Records to process
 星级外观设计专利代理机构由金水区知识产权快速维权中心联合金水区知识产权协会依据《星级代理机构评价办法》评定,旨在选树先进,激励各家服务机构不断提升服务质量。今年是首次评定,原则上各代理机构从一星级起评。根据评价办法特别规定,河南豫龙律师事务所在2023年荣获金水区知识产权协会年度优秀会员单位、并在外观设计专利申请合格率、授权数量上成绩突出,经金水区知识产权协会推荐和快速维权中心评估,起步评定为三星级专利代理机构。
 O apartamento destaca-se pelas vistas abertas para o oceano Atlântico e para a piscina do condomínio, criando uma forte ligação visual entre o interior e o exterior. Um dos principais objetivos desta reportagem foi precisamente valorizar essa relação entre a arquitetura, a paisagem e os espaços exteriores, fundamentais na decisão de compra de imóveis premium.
...
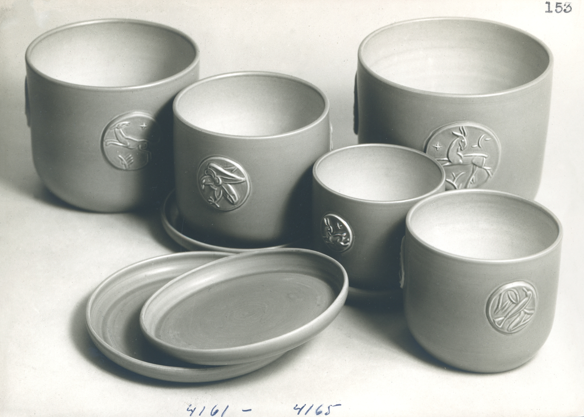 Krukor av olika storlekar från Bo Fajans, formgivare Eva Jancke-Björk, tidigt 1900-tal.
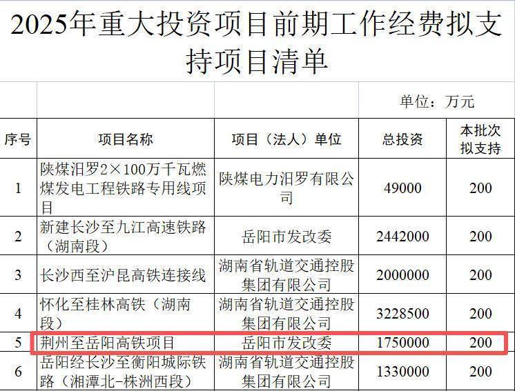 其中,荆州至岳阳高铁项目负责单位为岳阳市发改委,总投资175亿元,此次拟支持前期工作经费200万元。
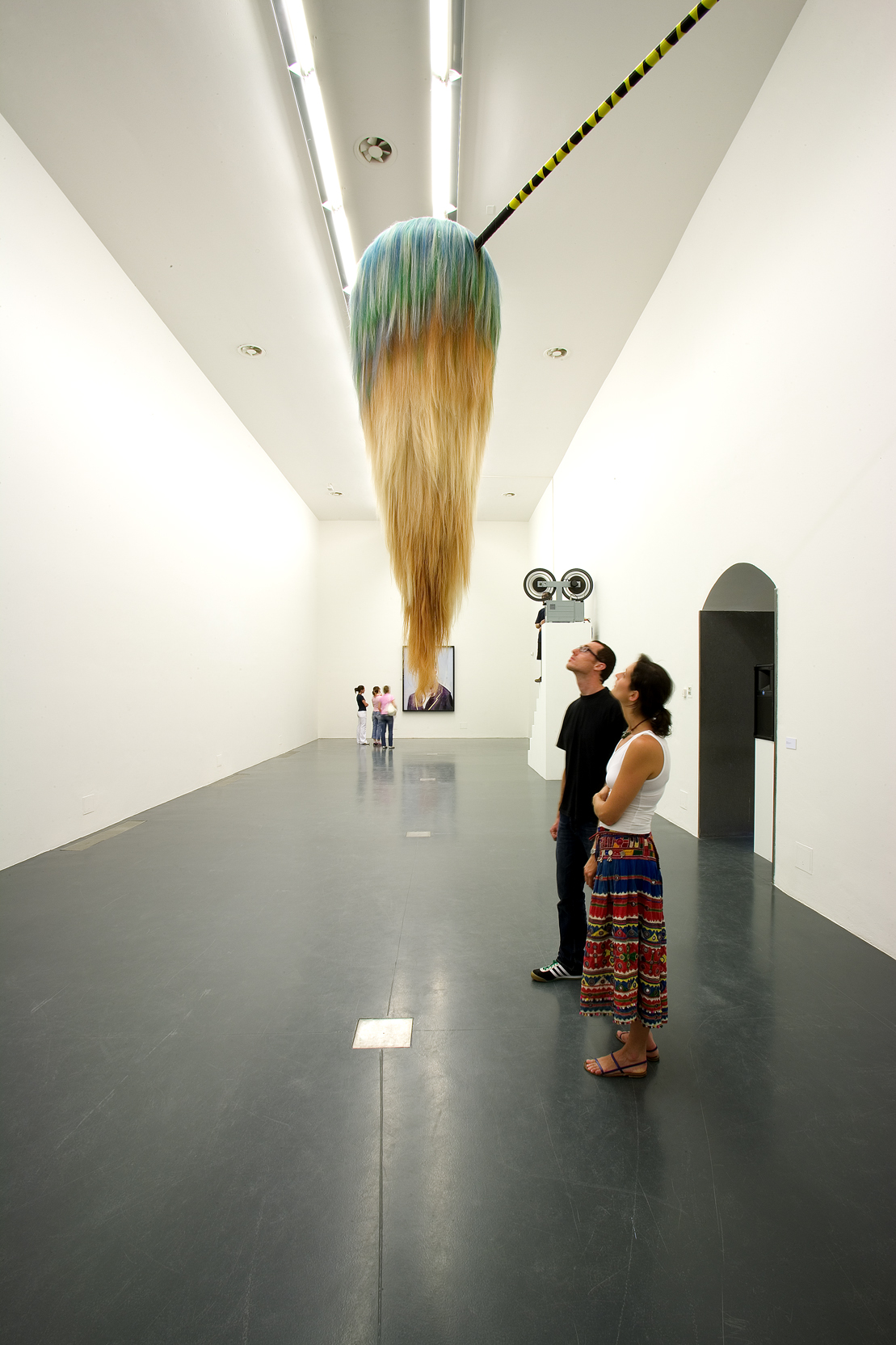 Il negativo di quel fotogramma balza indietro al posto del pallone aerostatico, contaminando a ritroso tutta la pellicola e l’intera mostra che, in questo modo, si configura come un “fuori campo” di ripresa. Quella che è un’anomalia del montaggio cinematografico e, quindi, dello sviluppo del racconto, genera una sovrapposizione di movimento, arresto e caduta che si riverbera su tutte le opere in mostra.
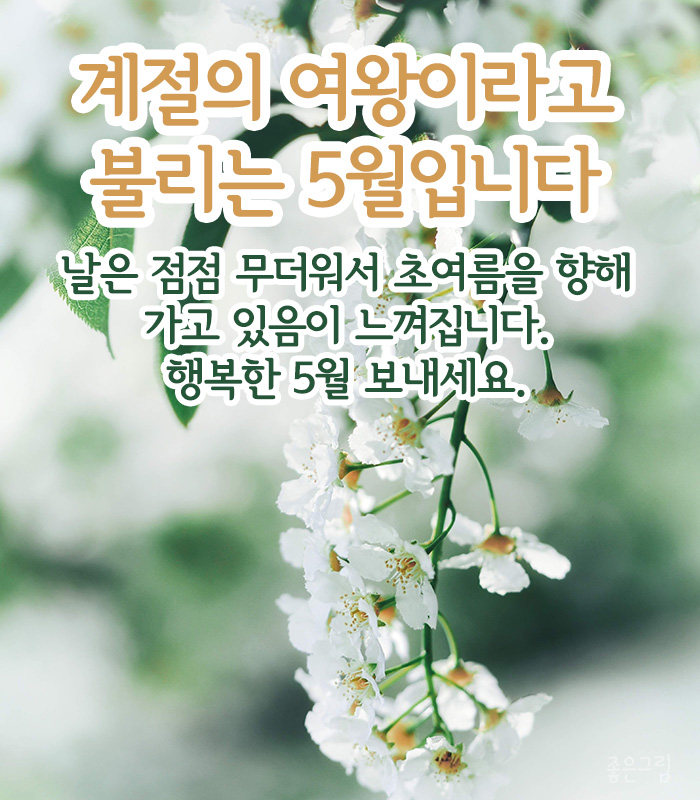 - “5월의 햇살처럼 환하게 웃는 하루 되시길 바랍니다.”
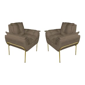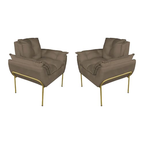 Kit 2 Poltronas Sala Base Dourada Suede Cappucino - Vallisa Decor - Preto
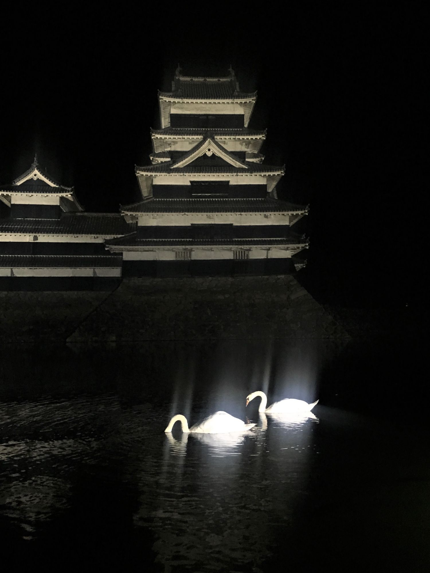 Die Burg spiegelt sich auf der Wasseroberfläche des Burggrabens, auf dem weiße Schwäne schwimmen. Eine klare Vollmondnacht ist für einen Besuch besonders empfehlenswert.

What is being asked
From the line that has "星级外观设计专利代理机构由金" through the line that has "O apartamento destaca-se", copy every line exactly as it appears above, and leave out all others.

Response
 星级外观设计专利代理机构由金水区知识产权快速维权中心联合金水区知识产权协会依据《星级代理机构评价办法》评定,旨在选树先进,激励各家服务机构不断提升服务质量。今年是首次评定,原则上各代理机构从一星级起评。根据评价办法特别规定,河南豫龙律师事务所在2023年荣获金水区知识产权协会年度优秀会员单位、并在外观设计专利申请合格率、授权数量上成绩突出,经金水区知识产权协会推荐和快速维权中心评估,起步评定为三星级专利代理机构。
 O apartamento destaca-se pelas vistas abertas para o oceano Atlântico e para a piscina do condomínio, criando uma forte ligação visual entre o interior e o exterior. Um dos principais objetivos desta reportagem foi precisamente valorizar essa relação entre a arquitetura, a paisagem e os espaços exteriores, fundamentais na decisão de compra de imóveis premium.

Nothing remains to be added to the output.